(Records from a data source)
——————

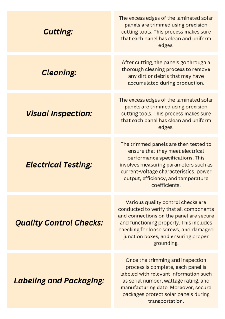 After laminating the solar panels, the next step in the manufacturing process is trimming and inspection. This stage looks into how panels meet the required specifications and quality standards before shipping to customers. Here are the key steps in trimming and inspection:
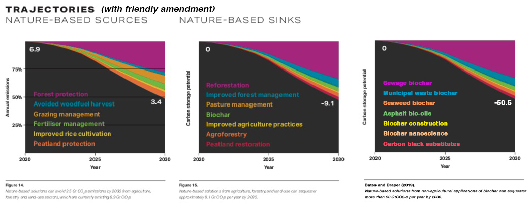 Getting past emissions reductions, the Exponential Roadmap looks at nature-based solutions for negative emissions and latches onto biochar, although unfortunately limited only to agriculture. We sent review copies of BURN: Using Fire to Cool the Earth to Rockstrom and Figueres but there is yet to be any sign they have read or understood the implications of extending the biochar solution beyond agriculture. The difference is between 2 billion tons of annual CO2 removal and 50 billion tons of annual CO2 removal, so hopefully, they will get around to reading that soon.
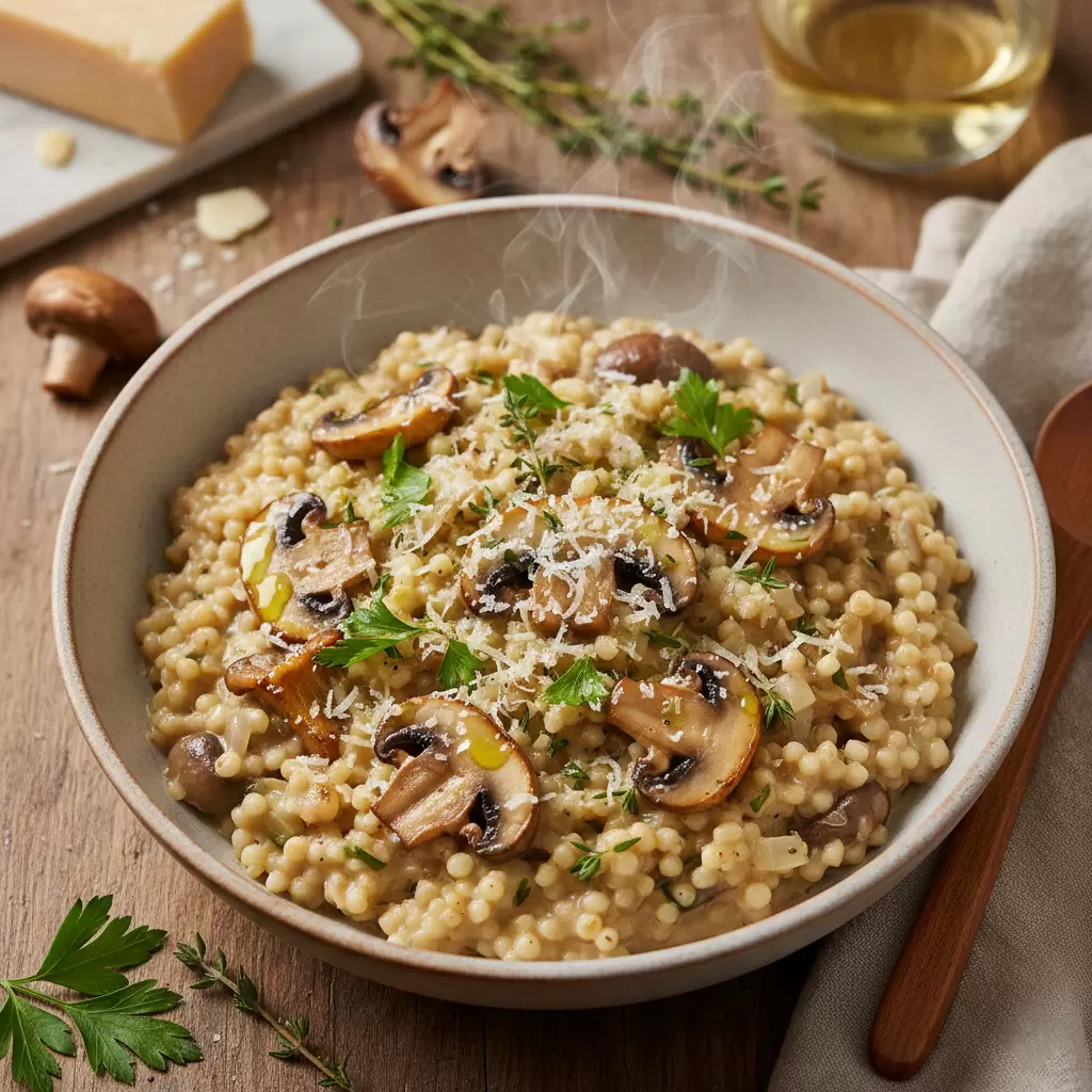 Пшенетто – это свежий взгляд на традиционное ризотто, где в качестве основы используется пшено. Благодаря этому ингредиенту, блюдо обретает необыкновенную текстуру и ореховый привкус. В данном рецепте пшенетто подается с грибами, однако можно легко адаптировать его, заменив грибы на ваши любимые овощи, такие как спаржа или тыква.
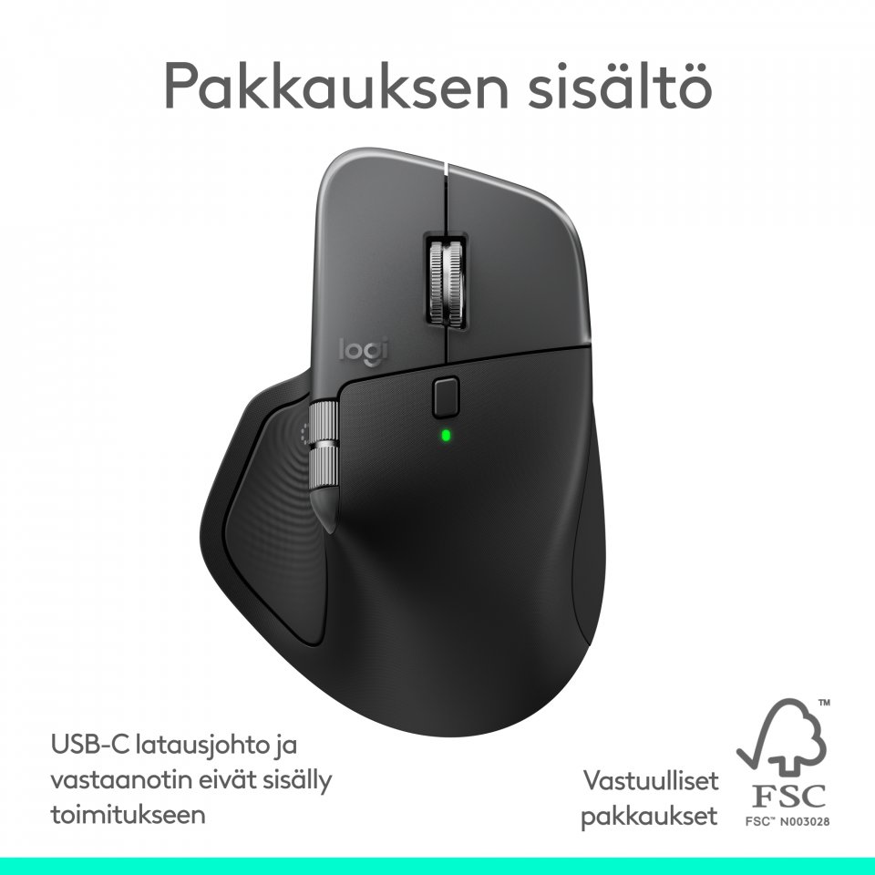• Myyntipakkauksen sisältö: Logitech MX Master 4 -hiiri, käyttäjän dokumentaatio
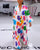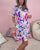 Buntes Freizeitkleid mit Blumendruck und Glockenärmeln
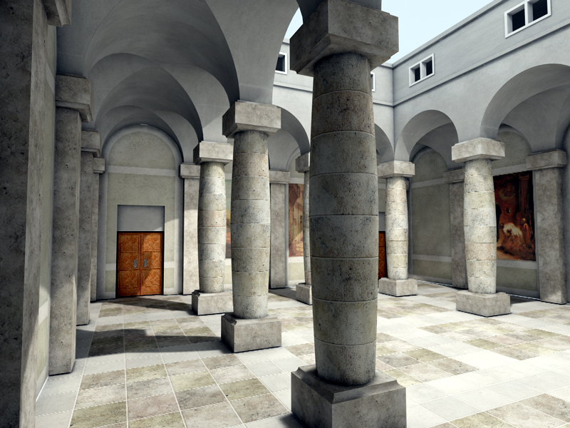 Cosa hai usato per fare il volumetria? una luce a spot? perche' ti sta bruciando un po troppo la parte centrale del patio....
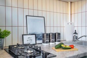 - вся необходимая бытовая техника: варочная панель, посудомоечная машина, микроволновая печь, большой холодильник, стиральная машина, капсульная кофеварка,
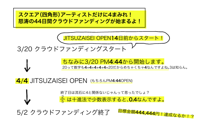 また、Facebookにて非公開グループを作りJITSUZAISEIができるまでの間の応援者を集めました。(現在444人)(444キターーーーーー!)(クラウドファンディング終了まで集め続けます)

——————

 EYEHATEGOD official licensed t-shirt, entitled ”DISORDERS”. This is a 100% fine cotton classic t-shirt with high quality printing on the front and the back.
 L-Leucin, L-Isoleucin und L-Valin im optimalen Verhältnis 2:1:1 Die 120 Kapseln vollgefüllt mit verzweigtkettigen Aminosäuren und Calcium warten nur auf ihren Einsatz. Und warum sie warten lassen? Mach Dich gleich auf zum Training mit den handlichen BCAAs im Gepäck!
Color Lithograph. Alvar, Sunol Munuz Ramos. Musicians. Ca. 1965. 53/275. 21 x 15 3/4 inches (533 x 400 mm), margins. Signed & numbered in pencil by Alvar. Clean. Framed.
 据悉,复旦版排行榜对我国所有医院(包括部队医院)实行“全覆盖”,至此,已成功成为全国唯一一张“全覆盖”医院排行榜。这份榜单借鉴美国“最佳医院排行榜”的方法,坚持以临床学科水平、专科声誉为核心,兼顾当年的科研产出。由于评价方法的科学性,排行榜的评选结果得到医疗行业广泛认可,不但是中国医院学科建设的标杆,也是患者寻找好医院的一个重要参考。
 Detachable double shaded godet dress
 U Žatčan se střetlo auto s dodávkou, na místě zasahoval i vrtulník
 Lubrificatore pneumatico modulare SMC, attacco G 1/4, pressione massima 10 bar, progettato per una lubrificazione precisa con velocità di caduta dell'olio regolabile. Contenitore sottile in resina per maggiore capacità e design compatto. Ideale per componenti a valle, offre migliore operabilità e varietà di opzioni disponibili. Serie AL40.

——————

Write out word for word the lines above that run from the one with "Buntes Freizeitkleid mit" to the one with "Cosa hai usato". Include both end lines; exclude the images.

 Buntes Freizeitkleid mit Blumendruck und Glockenärmeln
 Cosa hai usato per fare il volumetria? una luce a spot? perche' ti sta bruciando un po troppo la parte centrale del patio....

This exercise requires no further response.